1) One major assumption is I assume the /target directory can be completely overwritten.
2) I assume your remote user have access to read, write, create directories and files at the `/target` path
All unix commands above have return status code which will tell you if the commands are successfully executed.
In the case of step (5). If the transfer is interrupted halfway, the return code will be non-zero. If any of the commands listed in the `ssh` command is not remotely executed successfully and completely, the return code of SSH will also be non-zero.
In unix shell, zero return code is success. Anything else is either warning or erroneous. After each command, you can always find out the return code using `$?` variable.
Below is an example of a success and and error case
Bash:
ls /
echo $?
ls /doesnotexist
echo $?
The first echo will give you zero(0), the next command should be 2.
In the cases of my shell commands you can so something like this, which I believe for step (5) is the more crucial
Bash:
ssh john@remote.site 'rm -rf /target && mkdir -p /target && cd /target && tar -xf /tmp/payload.tar.gz && rm -f /tmp/payload.tar.gz{,sha}'
[ $? -eq 0 ] || ( echo "remote transfer unsuccessful" && exit 1)
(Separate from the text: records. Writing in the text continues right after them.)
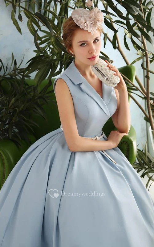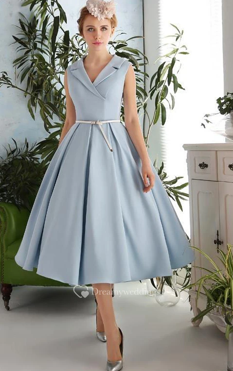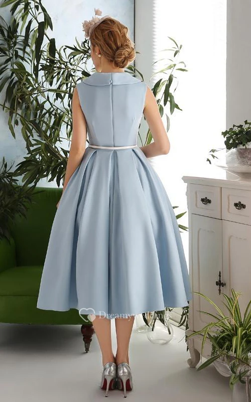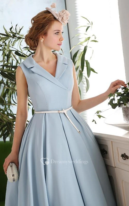 A-Line V-Neck Sashes Tea-Length Prom Dress
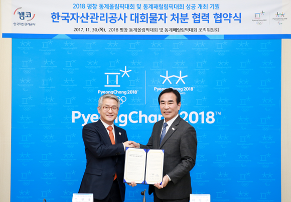 한국자산관리공사(캠코, 사장 문창용)는 2018 평창 동계올림픽대회 및 동계패럴림픽대회 조직위원회와 30일 조직위원회 평창 주사무소에서 올림픽 대회물자 처분 협력을 주요 내용으로 하는 포괄적 업무협약을 체결했다.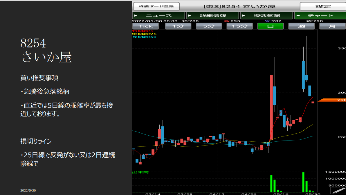 チャットワーク内で過去に推奨させていただいた銘柄です。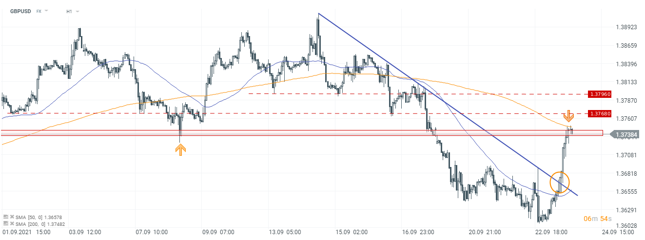 Patrząc na wykres godzinowy GBPUSD, doszło dziś do wybicia linii lokalnego trendu spadkowego. Funt silnie się umocnił, a para powróciła powyżej 50-godzinnej średniej kroczącej. Obecnie testowane są dołki z 8 września oraz 200-godzinna średnia krocząca - dotychczas stronie popytowej nie udało się dokonać wybicia w górę. Patrząc na poprzednie reakcje cenowe, kolejnymi ważnymi poziomami horyzontalnymi mogą być: 1,3768 i 1,3796. Źródło: xStation5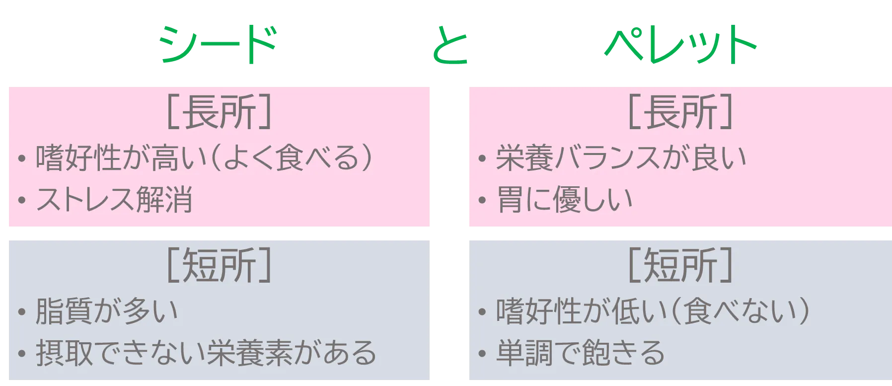 ペレットの中にシードだけでは足りない栄養素を含んでいれば、この食餌を食べさせることで栄養素の問題は解決できます。また、ペレットとシードの混合食であれば、シードの皮を剥く楽しみも維持されます。獣医療の発達に伴い小鳥の寿命は延長しつつありますが、その長寿命をサポートするためにはペレットが必要不可欠です。

If you have devise a script based on the steps above, you can examine it's return code to know if the entire script has executed properly
Bash:
./transferfile || echo "transfer incomplete"
Hopes it shed better understanding in you on how to devise reliable transfer techniques.
Of course, this is just ONE way. There are numerous different tools and techniques to also achieve similar results. It depends on what tools are available to you and the simplicity and how much dependencies you want to create in your process.
If you still have doubts or trouble in writing your own shell script, just do a shout out.